Мне запомнились, например, истории, как забеременели его соученицы. Одна из них прямо на школьном уроке на задней парте расстегивала брюки своему мальчику. Другая, в двенадцать лет, только-только начало просыпаться в ней женское начало, явилась к знакомому парню постарше якобы за книгой, почитать.

– Выбери себе, – ответил ничего не подозревавший парень, и указал на книжную полку за своей спиной. Когда через минуту он обернулся, девочка стояла совсем голая.

– Ты что?! – обалдело вскрикнул он.

– Я тебя хочу, – ответил ребенок.

– Дура! Меня же за тебя посадят!

– Не посадят, я никому не скажу.

Противоречие между обостренной чувственностью и христианскими добродетелями терзало Григорьева, это ощущалось во всем. У него было вырезано одно яичко, и об этом ходили противоречивые рассказы.

Один говорил, будто в больнице Григорьев из «фраерства» слишком близко сошелся с уголовниками. Те попытались его изнасиловать, кололи ножом, повредили, пришлось удалить.

Другой уверял, что Григорьев из пуританских побуждений пытался себя оскопить, но преуспел лишь отчасти.

Дело шло к зиме. Начинались сибирские морозы. Мы были уверены, что в состав тюремных стен специально добавлена соль, так как вся стена была в ручейках стекающей воды. Один из зеков окрестил ее «стеной плача». А Григорьев все рассказывал свои истории. Братец, по его словам, как-то подсмотрел за девочкой, которая развлекалась онанизмом. Он стал шантажировать ее тем, что расскажет об этом широкой публике, если она ему не отдастся. Потом какой-то мент убил брата на улице. За что, про что – неведомо, следствие замяло для неясности.

От его бесконечного словоизвержения тоже болела голова, не меньше, чем от Красняка.

– Ну, что ты исходишь словесным поносом? – злился на него Березин, неправдоподобно толстый зек по кличке «Император».

В разгар нашего сидения внутреннюю тюрьму начали переоборудовать, как в Мордовии, ликвидируя сплошные деревянные помосты. Строили новые нары, откидные, чтобы за весь бесконечный день человек не мог отдохнуть. В тесной тюрьме шипела электросварка, мы задыхались от запаха ацетона. Никто и не думал выводить нас на время работ.

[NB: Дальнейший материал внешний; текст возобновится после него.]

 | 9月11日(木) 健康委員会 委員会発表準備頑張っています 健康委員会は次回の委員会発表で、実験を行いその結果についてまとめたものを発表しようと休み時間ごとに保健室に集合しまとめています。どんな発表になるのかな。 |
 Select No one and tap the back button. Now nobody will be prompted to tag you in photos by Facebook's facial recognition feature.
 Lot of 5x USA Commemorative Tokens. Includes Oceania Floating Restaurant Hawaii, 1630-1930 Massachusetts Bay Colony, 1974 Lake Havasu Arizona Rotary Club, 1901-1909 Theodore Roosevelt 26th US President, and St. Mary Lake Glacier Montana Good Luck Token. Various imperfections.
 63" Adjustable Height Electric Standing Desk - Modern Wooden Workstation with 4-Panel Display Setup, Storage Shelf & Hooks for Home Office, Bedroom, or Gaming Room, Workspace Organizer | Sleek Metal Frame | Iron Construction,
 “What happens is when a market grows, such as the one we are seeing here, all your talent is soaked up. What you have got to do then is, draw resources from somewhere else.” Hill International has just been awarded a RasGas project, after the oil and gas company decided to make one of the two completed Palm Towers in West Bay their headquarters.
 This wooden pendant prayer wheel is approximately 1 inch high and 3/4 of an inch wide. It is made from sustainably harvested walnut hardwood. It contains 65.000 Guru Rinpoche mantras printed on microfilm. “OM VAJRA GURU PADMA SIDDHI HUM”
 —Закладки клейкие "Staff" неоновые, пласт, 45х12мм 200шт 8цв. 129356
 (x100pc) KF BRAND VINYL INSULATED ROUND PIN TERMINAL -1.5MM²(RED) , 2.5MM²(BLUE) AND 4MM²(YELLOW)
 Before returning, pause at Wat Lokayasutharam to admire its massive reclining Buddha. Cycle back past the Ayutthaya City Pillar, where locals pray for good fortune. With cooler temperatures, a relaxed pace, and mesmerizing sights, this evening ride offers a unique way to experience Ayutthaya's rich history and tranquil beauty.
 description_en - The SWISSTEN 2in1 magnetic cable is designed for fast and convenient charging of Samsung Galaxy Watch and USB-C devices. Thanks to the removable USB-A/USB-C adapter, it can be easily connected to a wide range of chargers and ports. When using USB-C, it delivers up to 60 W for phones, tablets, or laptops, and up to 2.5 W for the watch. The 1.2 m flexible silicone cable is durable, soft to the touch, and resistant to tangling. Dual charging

Красняк бесился, орал еще больше. Нас то и дело перебрасывали из камеры в камеру, иногда в связи с «ремонтом», иногда – в карцер и обратно. Свирепствовал начальник режима майор Федоров, тихий змий с белесыми глазками садиста, медленно, с наслаждением удушающий и заглатывающий жертву.

Когда-то, при Сталине, он выдвинулся тем, что самолично при зеках выколол штыком глаза трупам беглецов.

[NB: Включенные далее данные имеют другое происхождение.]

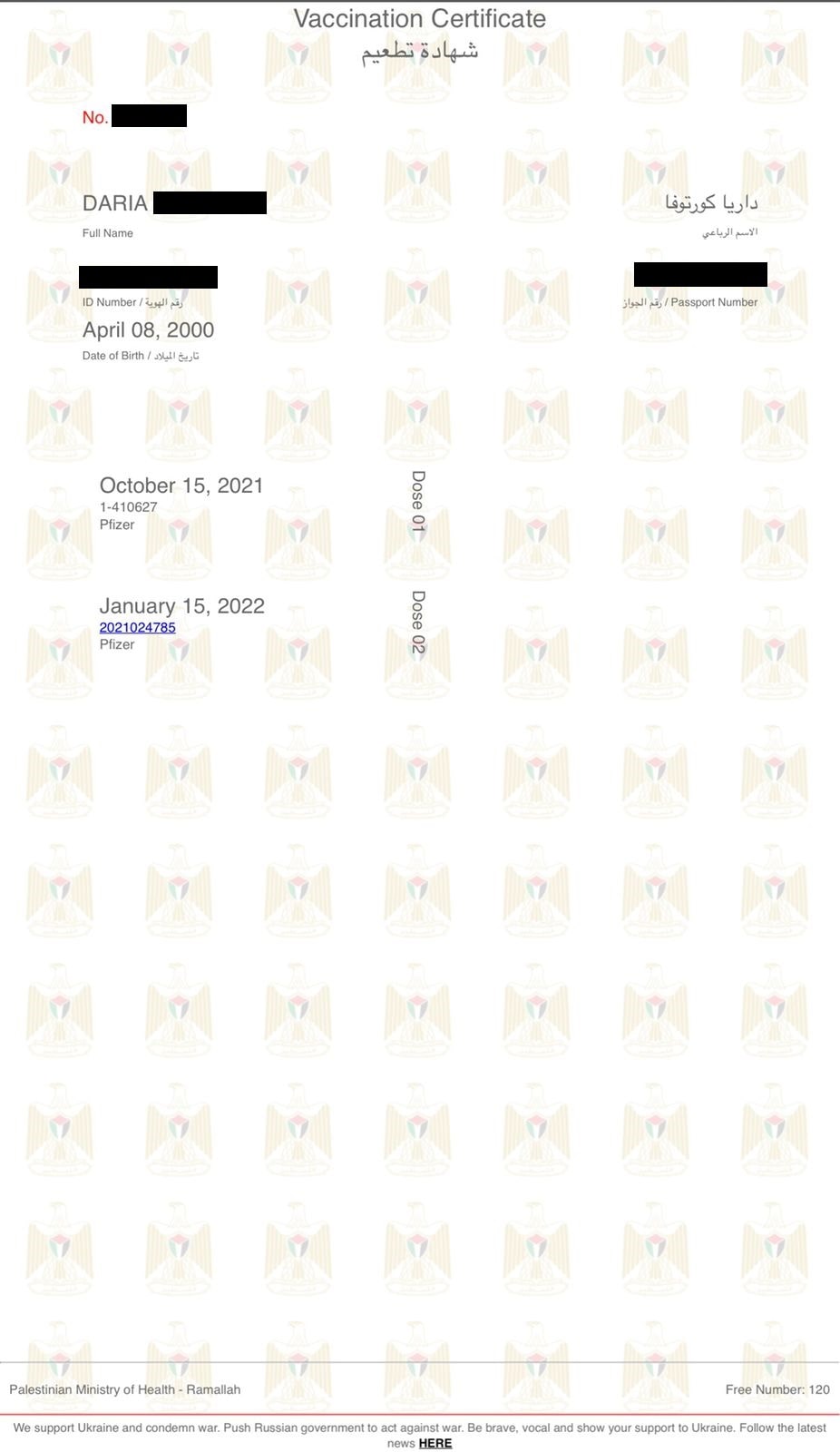 - подлинность сертификата о вакцинации от коронавируса Pfizer.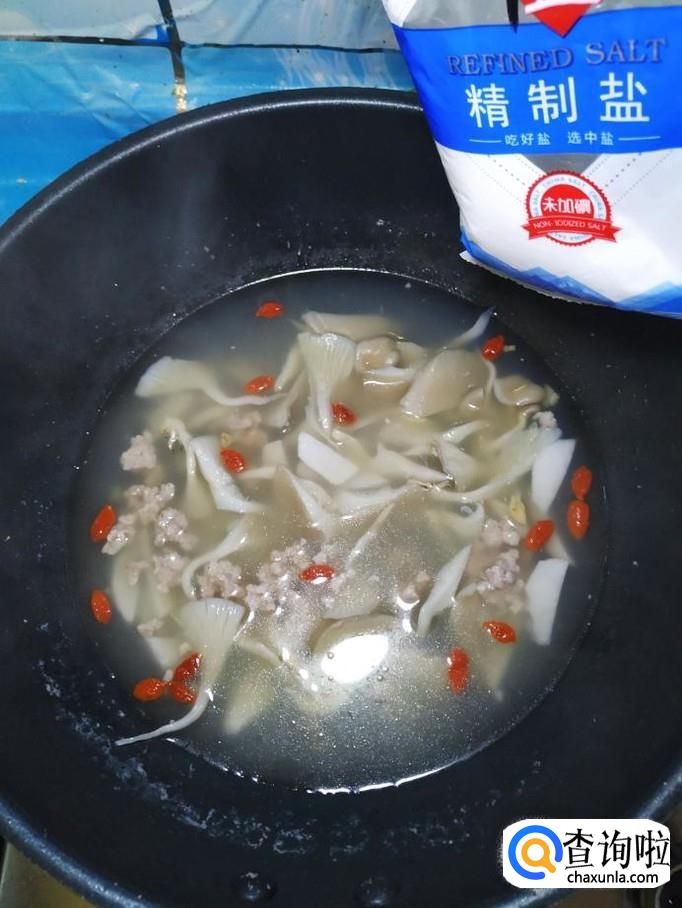 提前将枸杞子用清水泡一下,将枸杞子也放入锅中,再煮5分钟。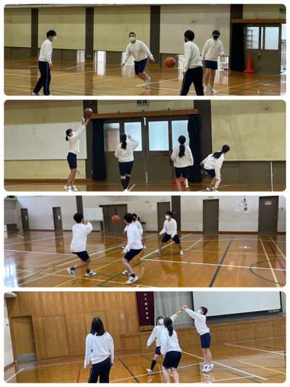 3年3組の体育の授業では、ハーフコートを使って2on2でバスケットボールの練習をしました。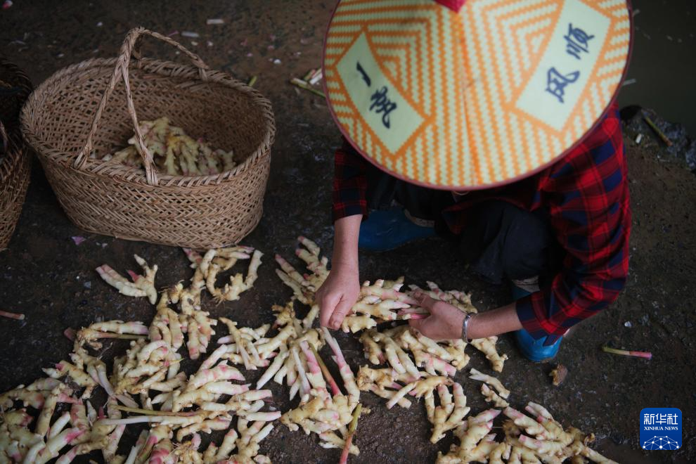 8月31日,在安徽省銅陵市義安區天門鎮,村民在處理自家采收的銅陵白姜。新華社記者 張端 攝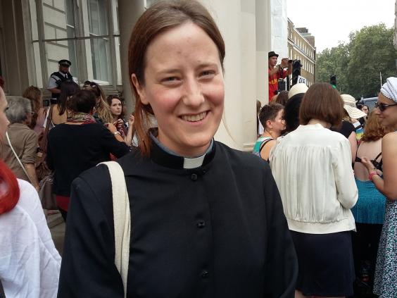 Jenny Dawkins, a curate from All Saints Church in Peckham, joined the demonstration wearing a floor-length black cassock.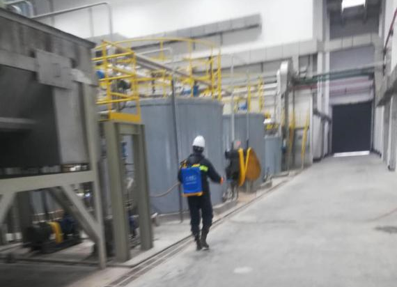 每天廠區公共區域、辦公區域進行噴霧消毒。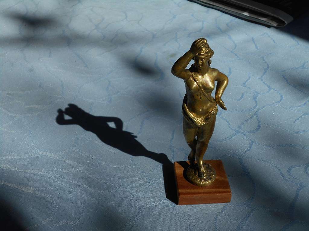 weibliche erotische Figur in Tanzhaltung wohl nach antiken Vorbild Gelbmetall auf quatratischen Holzsockel, Gesamthöhe 13 cm,

Перед нашим приездом на 35-м лагере сидели несовершеннолетние девочки. Некоторые из них были уже настолько прожженными, что ребята обнаружили в бараке целый штабель искусственных подобий мужского органа.

Но были и неиспорченные. Таких майор Федоров насиловал. Двое забеременевших повесились незадолго до нашего приезда. Видимо, после такого ЧП решили срочно расформировать именно этот лагерь, чтобы спрятать концы в воду. Одна уголовница из Мордовской психушки («двенадцатый корпус» при концлагере № 3) сообщила политическим, что ее упрятали туда после группового изнасилования офицерами МВД прямо в кабинете штаба…

С самого начала нашего пребывания во внутренней тюрьме возникла одна небольшая проблема.

– Выходи в туалет! – будил зеков до свету мент.

– Хорошо, мне нужна бумага…

– Зачем?

Менты искренне недоумевали, зачем она может понадобиться в туалете. Стихи писать, что ли? Приходилось изыскивать ее невероятными способами, проносить тайно. Потребовались месяцы борьбы, чтобы бумага для туалета была легализована…

Баня находилась в противоположном конце лагеря, и раз в десять дней нас водили туда через всю зону. Ребята встречали по дороге, старались наперекор ментам сунуть какой-нибудь бутерброд. Иногда это удавалось, но на обратном пути нас тщательно обыскивали в коридоре, у входа в камеру. Так у Красняка однажды изъяли махорку и кусок хлеба.

– Вы у меня гнилую коммунистическую махорку из пасти вырвали! – надрывался от обиды Красняк.

Был у нас еще один «благодетель» – старший лейтенант с баснословной фамилией Рак. Он очень не любил, когда его фамилию склоняли. В творительном падеже она звучала неэстетично. И зеки специально изощрялись в письменных жалобах, досаждая зловредному Раку.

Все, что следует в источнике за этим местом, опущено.